§ Work task
Skip every picture, and output exactly the lines starting at the one with "A sleek leather" and running through the last line of the material below.

§ Given material

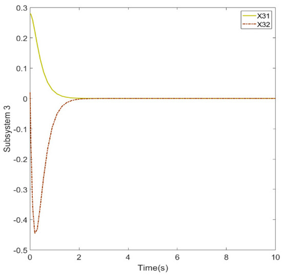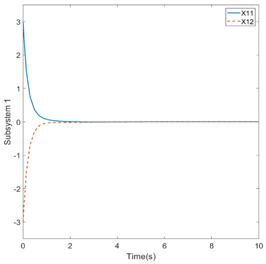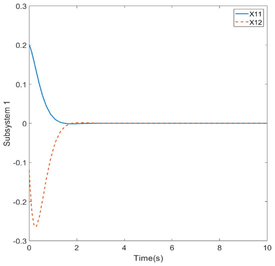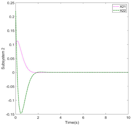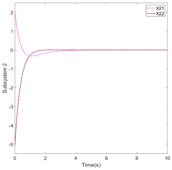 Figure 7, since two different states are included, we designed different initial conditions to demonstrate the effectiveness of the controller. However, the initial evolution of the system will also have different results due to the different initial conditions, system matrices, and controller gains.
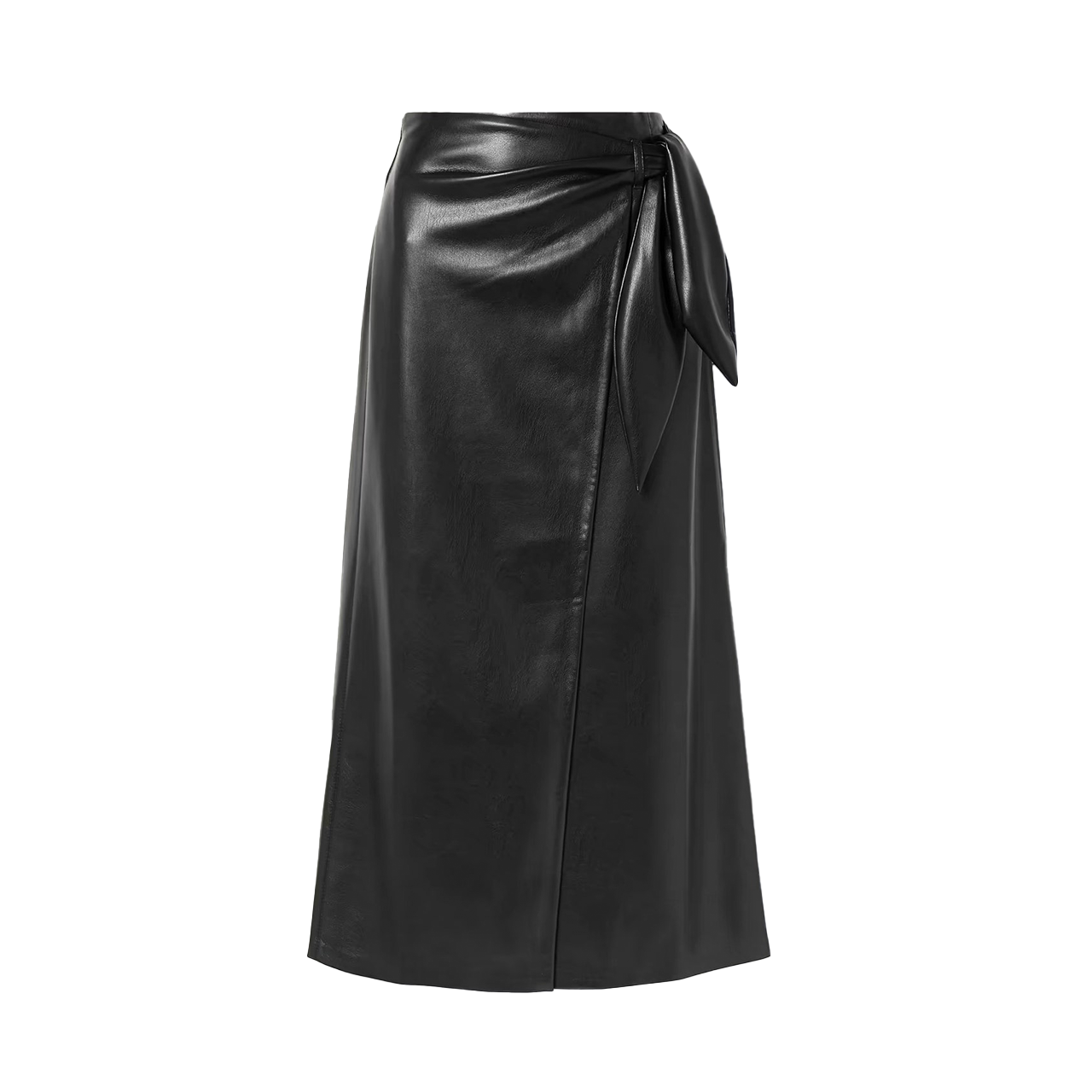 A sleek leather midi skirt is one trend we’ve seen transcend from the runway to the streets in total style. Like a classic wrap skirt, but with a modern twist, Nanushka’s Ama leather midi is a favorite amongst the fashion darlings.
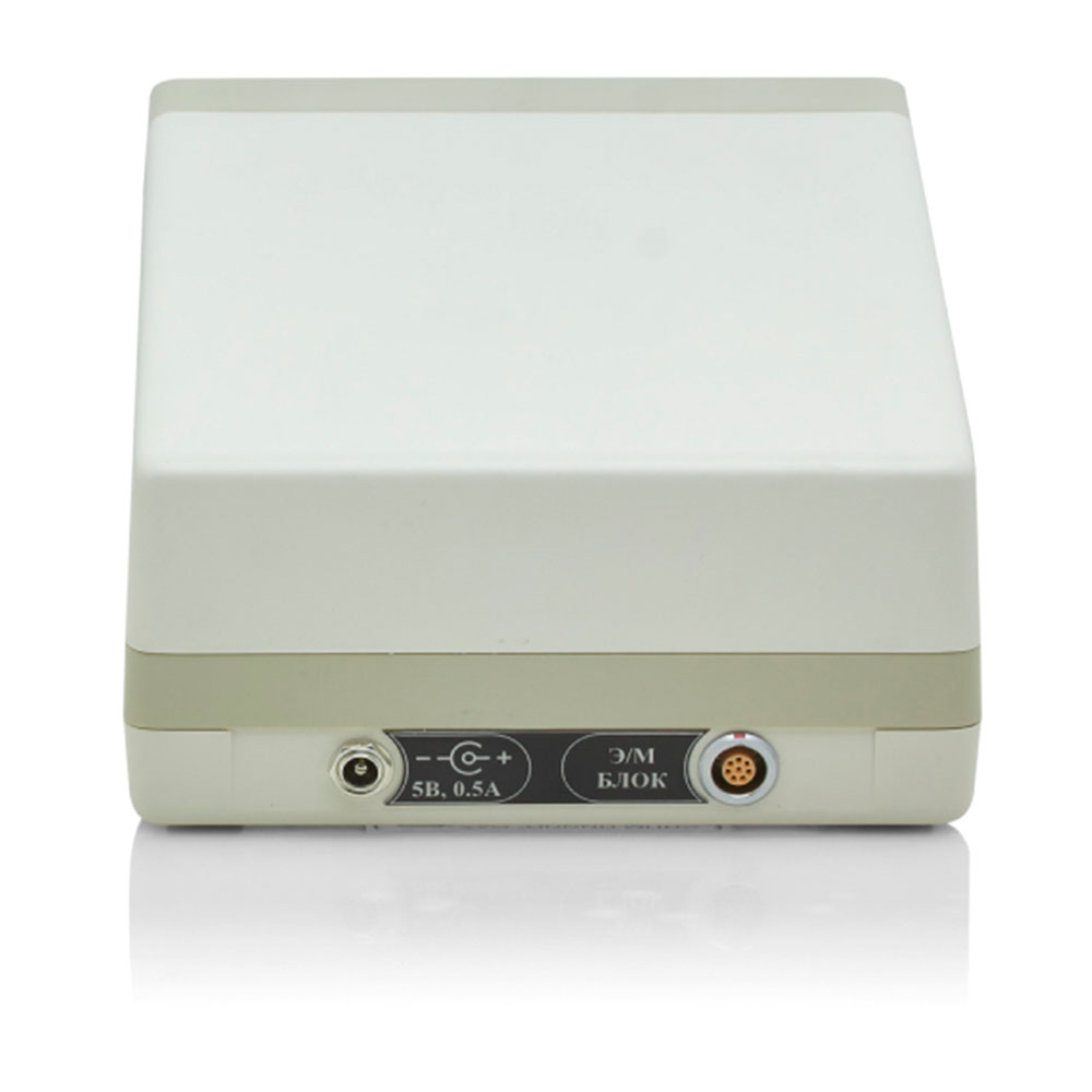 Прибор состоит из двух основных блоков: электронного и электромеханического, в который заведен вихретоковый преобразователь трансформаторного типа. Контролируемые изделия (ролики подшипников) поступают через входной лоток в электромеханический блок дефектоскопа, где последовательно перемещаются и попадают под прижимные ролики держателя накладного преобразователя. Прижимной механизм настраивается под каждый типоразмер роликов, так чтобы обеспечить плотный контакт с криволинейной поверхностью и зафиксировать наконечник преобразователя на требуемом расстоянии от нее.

§ Expected answer
 A sleek leather midi skirt is one trend we’ve seen transcend from the runway to the streets in total style. Like a classic wrap skirt, but with a modern twist, Nanushka’s Ama leather midi is a favorite amongst the fashion darlings.
 Прибор состоит из двух основных блоков: электронного и электромеханического, в который заведен вихретоковый преобразователь трансформаторного типа. Контролируемые изделия (ролики подшипников) поступают через входной лоток в электромеханический блок дефектоскопа, где последовательно перемещаются и попадают под прижимные ролики держателя накладного преобразователя. Прижимной механизм настраивается под каждый типоразмер роликов, так чтобы обеспечить плотный контакт с криволинейной поверхностью и зафиксировать наконечник преобразователя на требуемом расстоянии от нее.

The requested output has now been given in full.